If you have years of newsletters, the machine can study your rhythm. If you have transcripts of your best sales calls, it can identify what you ask, where the buyer leans in, which words lower resistance, which sequence produces trust. If you have your best short posts, it can discover your compression, your punch, your way of turning a thought so it lands.

Then, instead of saying, “Sound good,” you can say, “Sound like this.”

That is a much more powerful command.

It also explains why beginners who hope to flood the world with machine-made content rarely produce anything worth reading. They have no reservoir. No body of work. No tested cadences. No hard-won language. They have not done enough of the real thing to train the imitation.

A machine cannot fake depth on behalf of someone who has none.

That is why the structure of a sensible AI system inside a business becomes almost embarrassingly simple. First, gather business context: what the company is, who it serves, what it sells, how it speaks, what constraints matter. Second, save the SOP-prompts for recurring tasks. Third, collect the data sources that show what good work already looks like.

Context. Instructions. Examples.

Those three things, working together, are what turn AI from a toy into leverage.

And leverage is the right word. Automation is often the wrong one.

People love the fantasy of automation because it flatters them. Set it once, walk away forever, watch value rain from the ceiling. That does happen occasionally, in narrow and carefully engineered systems. But most of the time what you get is not full replacement. What you get is amplification.

A task that took ninety minutes may now take twenty. A weekly writing burden may shrink to a half-day each month. A rough idea can become a polished first draft before your energy is gone. A sales manager can review more calls because the machine can help categorize objections and extract recurring failures. A founder can generate variants faster, compare options faster, test angles faster.
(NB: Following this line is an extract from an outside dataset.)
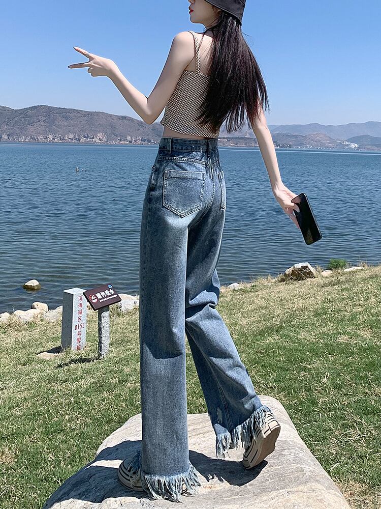 ワイドレッグジーンズレディースドレープローズ夏2022年新作スタイル細身ハイウエスト学生乞食パーソナリティモップパンツ サマー 夏物 youqi9846941298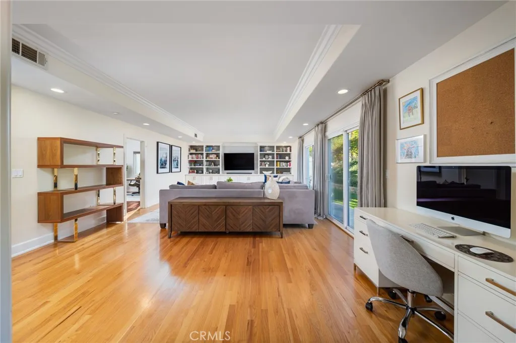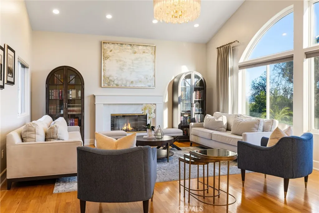 Experience panoramic views like no other from this stunning 5-bedroom, 5-bathroom residence, perched in an exclusive, private gated enclave of just four homes. From nearly every room, you'll enjoy breathtaking, approximately 270-degree views stretching all the way from the majestic Mount San Jacinto to the sparkling coastline of Catalina Island. Inside, the home is bright and open, featuring high ceilings and a dramatic two-story ceiling in the living room that fills the space with natural light. Classic details like crown molding and wainscoting add a touch of charm, while tray ceilings in the primary suite and family room bring a feeling of elegance. The modern kitchen has been beautifully updated with high-end finishes, plenty of cabinets, and generous counter space, making it a joy for both everyday meals and entertaining guests. The adjoining family room is spacious and comfortable, complete with a built-in entertainment center perfect for movie nights or game days. Every one of the five bedrooms is designed for comfort and privacy. The luxurious primary suite is your own personal getaway. Step out onto your private balcony to soak in the incredible views, and unwind in the spa-like bathroom, which features a soaking tub, dual sinks, and plenty of space to relax. The outdoor space feels like a private park. Situated on a large, beautiful lot, the backyard is peaceful and private, enhanced by mature fruit trees and lush landscaping. It's the perfect setting for quiet afternoons or hosting friends and family for an outdoor dinner. A three-car garage provides plenty of ro

That is not trivial. It is enormous. But it is not magic. The machine has not become your replacement. It has become your multiplier.

And this matters because multipliers reward people unevenly. They favor those who already have something worth multiplying.

A weak thinker with AI can produce more weakness. A strong thinker with AI can produce more strength. The old law remains in force: the rich get richer. Here, richness means clarity, taste, experience, discipline, and a body of prior work. The machine magnifies those, too.

That is why the final error is the most common and the most costly. People think AI generates value because it generates volume. But volume is not value. Most businesses do not need more words. They need better words arranged around a better idea.

The founder who knows exactly what happened on the sales floor, exactly what the customer fears, exactly where the friction lies, exactly which promise can be made and kept—that person has the scarce resource. The machine can help package it. It cannot originate the lived understanding behind it.

Conclusion

So the practical lesson is not difficult, only demanding.

Start a new chat when the topic changes. Stay in the same chat long enough to refine. Check facts. Keep your own judgment. Save prompts for repeated work. Gather the evidence of your best prior work. Feed the machine context, instructions, and examples. Use it to accelerate execution, not replace discernment.

And above all, remember that the precious thing is not the paragraph.

It is the mind behind the paragraph.

If that mind is lazy, no machine will save it.

If that mind is disciplined, experienced, and clear, then at last the machine becomes what it should have been all along: not an author, not an oracle, but a tireless clerk taking dictation from somebody who still knows what matters.